I built an anchor system for the Storm and had to test it out. The river has been at record low flows but that's what I have the raft for.😁. It worked well and I had the place to myself. This is a fun and maneuverable boat.


----------



## jamesthomas (Sep 12, 2010)

Love the steel plate anchor. What does it weigh and hows it hold?


----------



## ACLakey (Jan 14, 2022)

It came in at 20lb, I might add another 5lb but want to make a few more trips. It holds well, my anchor rope and the cleat weren't working well together.


----------



## Chapmatterson31 (May 4, 2021)

Sweet setup. Did you build your seat platform or purchase it? Also, what cooler are you running up front? I've got a mini max that I'm slowly getting set up as a fishing rig.


----------



## ACLakey (Jan 14, 2022)

The frame came with a poly deck and I drilled it for the seat. I am running a Canyon 55 and it is perfect for these sized boats.


----------



## Bootboy (Aug 25, 2020)

Steel tubing? Looks well done. 

Looking seriously at a mini max to setup in a similar way.


----------



## jamesthomas (Sep 12, 2010)

Make sure you crank the low pro holding the anchor extension down real good. It’s gonna want to pivot down when pulling the anchor up. I have also found that using another pulley attached to the anchor makes it much easier to retrieve although you have to pull in twice the rope.


----------



## ACLakey (Jan 14, 2022)

Thanks for the tip


----------



## ACLakey (Jan 14, 2022)

Bootboy said:


> Steel tubing? Looks well done.
> 
> Looking seriously at a mini max to setup in a similar way.


Yes on the steel. I painted with a hammer finished enamel paint and it is working well. I put some Gorilla tape on bottom to ride on the raft tubing.


----------



## Chapmatterson31 (May 4, 2021)

ACLakey said:


> The frame came with a poly deck and I drilled it for the seat. I am running a Canyon 55 and it is perfect for these sized boats.
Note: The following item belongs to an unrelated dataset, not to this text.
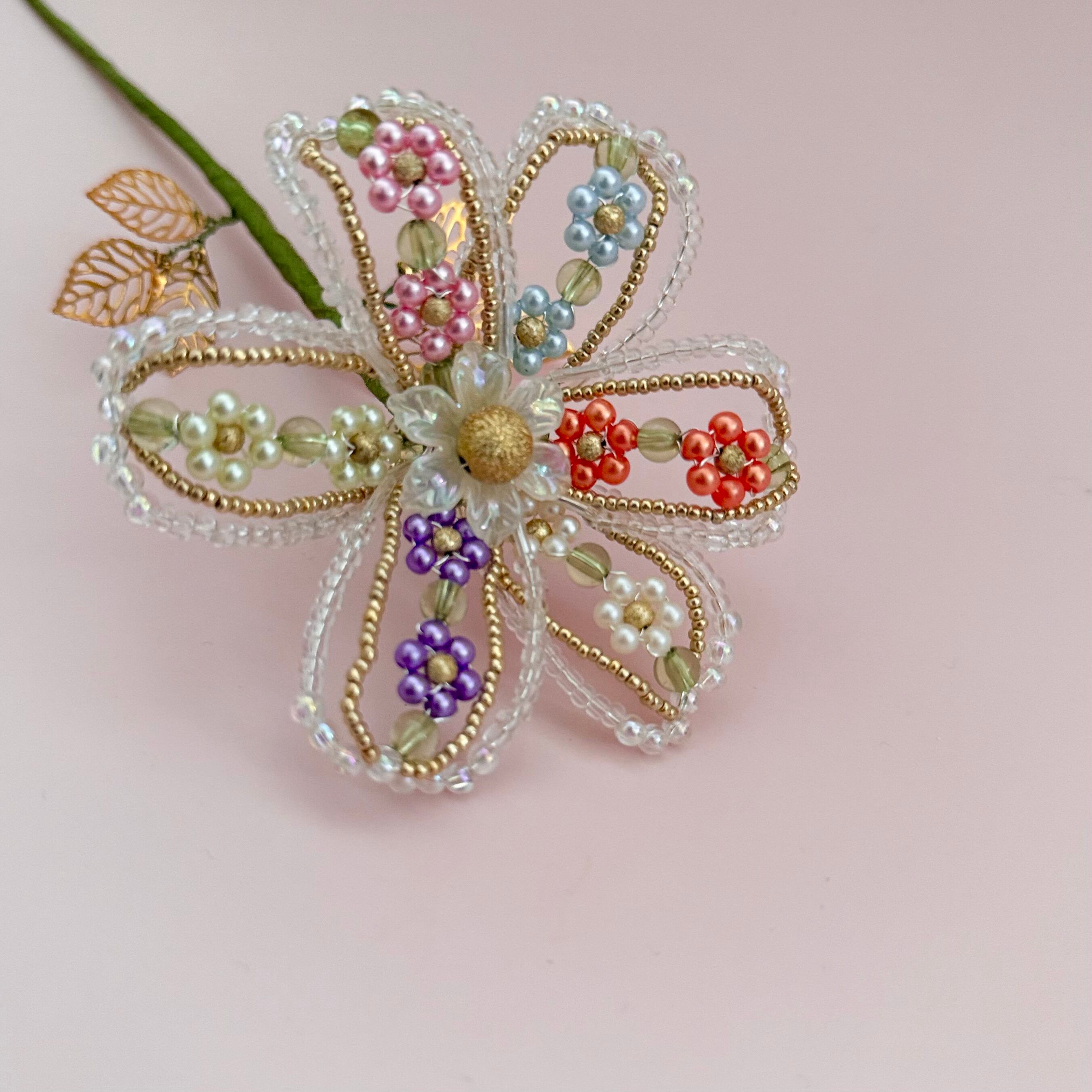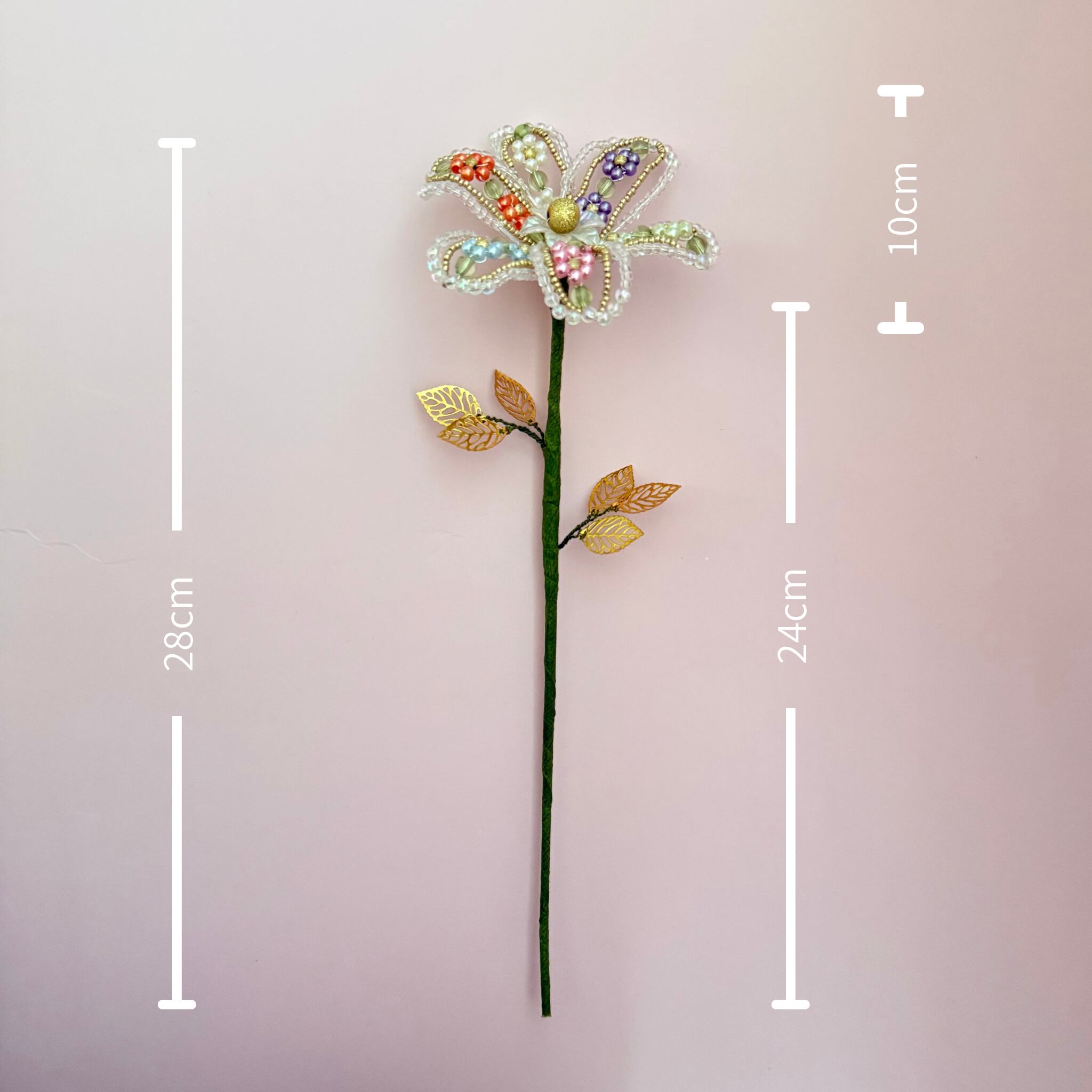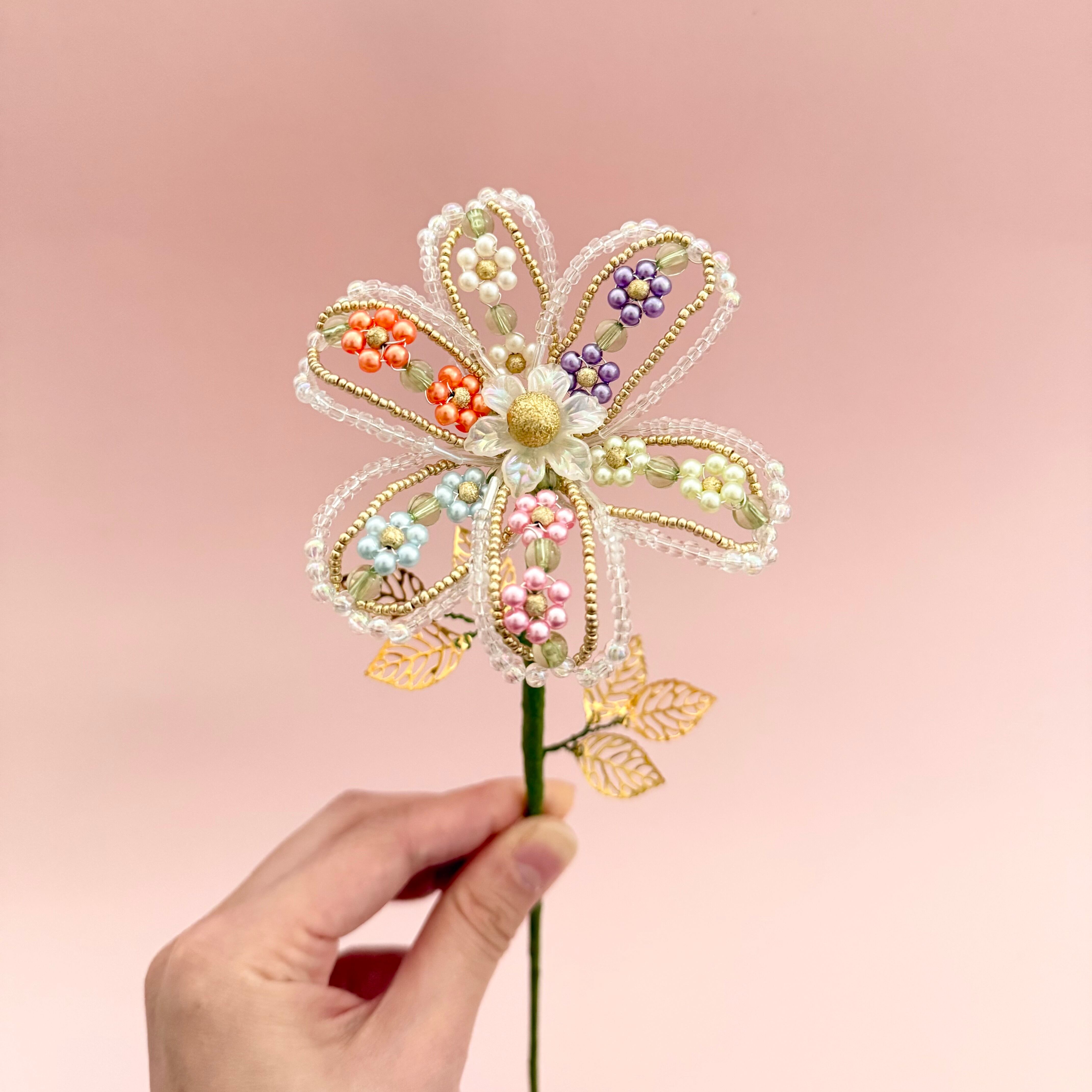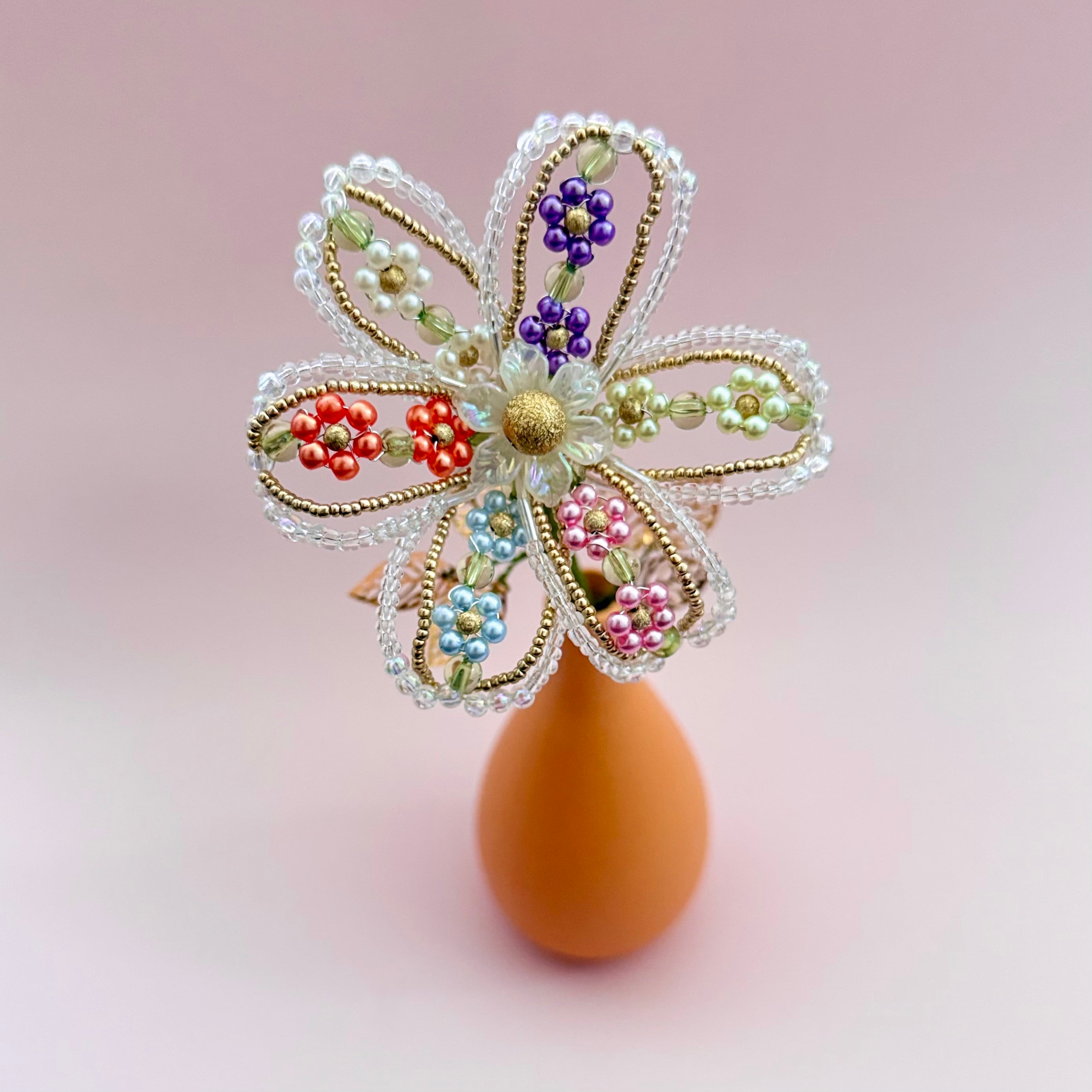 ご自身でご用意される場合、サイズが小さすぎたり軽量のものだと、ビーズフラワーの重さに耐えれず倒れる可能性があるため、陶器やガラス等の重量があるものや、ブーケと同じくらいのサイズ感のものをご用意いただくことをお勧めいたします。

What are the dimensions of your poly deck? I've got some extra plywood and I like the idea of having deck like that to row from, so I think I'm going to make one and see how it goes.


----------



## ACLakey (Jan 14, 2022)

I will throw a tape on it and get back to you, it was the stock polydeck that came from RMR. I was going to build one out of plywood and put side decks either side of the cooler as well.


----------